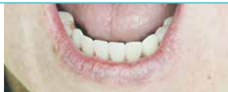
Новый протез, установленный в день операции. Авторство — врач-стоматолог, хирург Дмитрий Александрович Никонов

КАК ЭТО РАБОТАЕТ. Этот метод основывается на установке четырёх имплантов, два из которых располагаются в передней части и два — в боковых отделах челюсти, что обеспечивает одновременно надёжную фиксацию протеза и равномерное распределение нагрузки. После вживления имплантов по индивидуальному слепку изготавливается специальный протез, основа которого — титановый каркас.
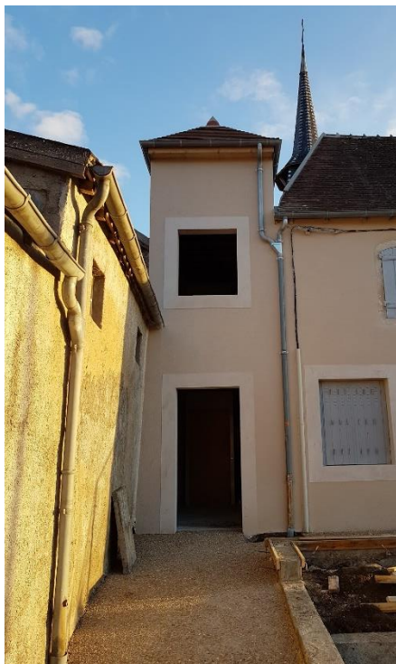
Entrée du monte-personne

Après un bon délai pour obtenir l'accord de l'architecte des Bâtiments de France et réaliser le monte-personne, l'entreprise Tullio a construit un bâtiment autour de celui-ci. Ces travaux ont été réalisés dans de bonnes conditions et en parfaite coordination avec l'ascensoriste. Les travaux se sont poursuivis par la réalisation du cheminement piéton pour les personnes à mobilité réduite.
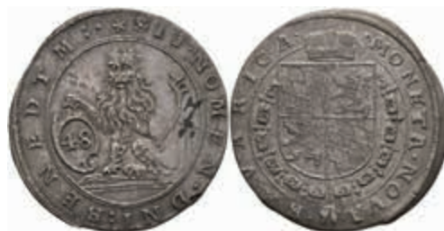
390 Kipper 48 Kreuzer (Zwölfbätzner), o.J. (1620/1621), Maximilian I., Hahn 74, Schrötlingsfehler, Kratzer und Tintensignatur, ss. 200,—
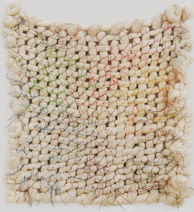
Transparentná tapiséria IV., 1988/90, 70 x 70 cm
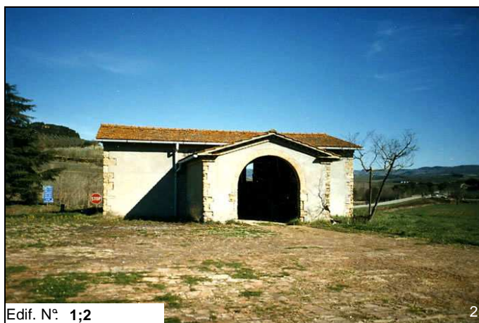
Edif. N° 1;2
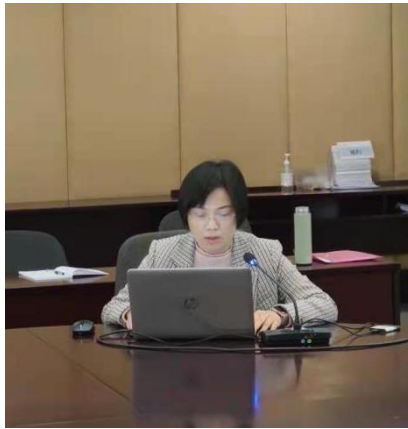
马部长汇报上学期试卷检查问题

质保部马部长汇报试卷检查出现的 4 大问题：卷面质量问题；分析报告问题；统分错误问题；评阅规范问题。并提出了 8 项改进建议。希望各学院高标准，严要求。
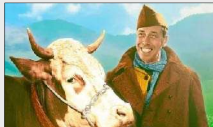
La vache et le prisonnier 1959
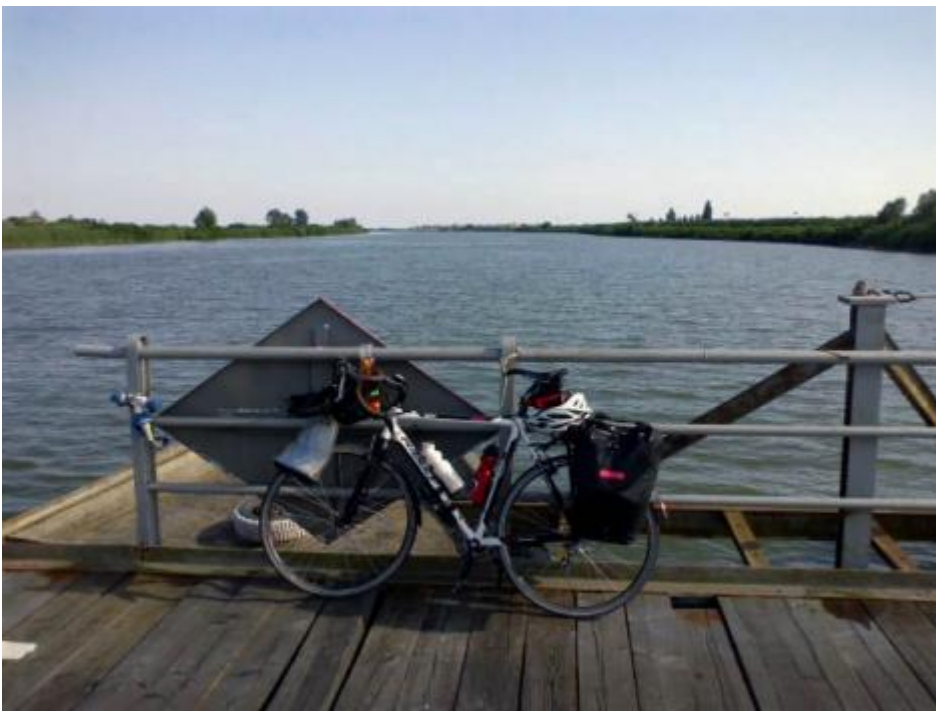
Tra la Romagna e il Veneto un ponte di barche.
##########
**To do:** Keeping the pictures out, print the entries above exactly as written.

**The completed task:**
Новый протез, установленный в день операции. Авторство — врач-стоматолог, хирург Дмитрий Александрович Никонов

КАК ЭТО РАБОТАЕТ. Этот метод основывается на установке четырёх имплантов, два из которых располагаются в передней части и два — в боковых отделах челюсти, что обеспечивает одновременно надёжную фиксацию протеза и равномерное распределение нагрузки. После вживления имплантов по индивидуальному слепку изготавливается специальный протез, основа которого — титановый каркас.
Entrée du monte-personne

Après un bon délai pour obtenir l'accord de l'architecte des Bâtiments de France et réaliser le monte-personne, l'entreprise Tullio a construit un bâtiment autour de celui-ci. Ces travaux ont été réalisés dans de bonnes conditions et en parfaite coordination avec l'ascensoriste. Les travaux se sont poursuivis par la réalisation du cheminement piéton pour les personnes à mobilité réduite.
390 Kipper 48 Kreuzer (Zwölfbätzner), o.J. (1620/1621), Maximilian I., Hahn 74, Schrötlingsfehler, Kratzer und Tintensignatur, ss. 200,—
Transparentná tapiséria IV., 1988/90, 70 x 70 cm
Edif. N° 1;2
马部长汇报上学期试卷检查问题

质保部马部长汇报试卷检查出现的 4 大问题：卷面质量问题；分析报告问题；统分错误问题；评阅规范问题。并提出了 8 项改进建议。希望各学院高标准，严要求。
La vache et le prisonnier 1959
Tra la Romagna e il Veneto un ponte di barche.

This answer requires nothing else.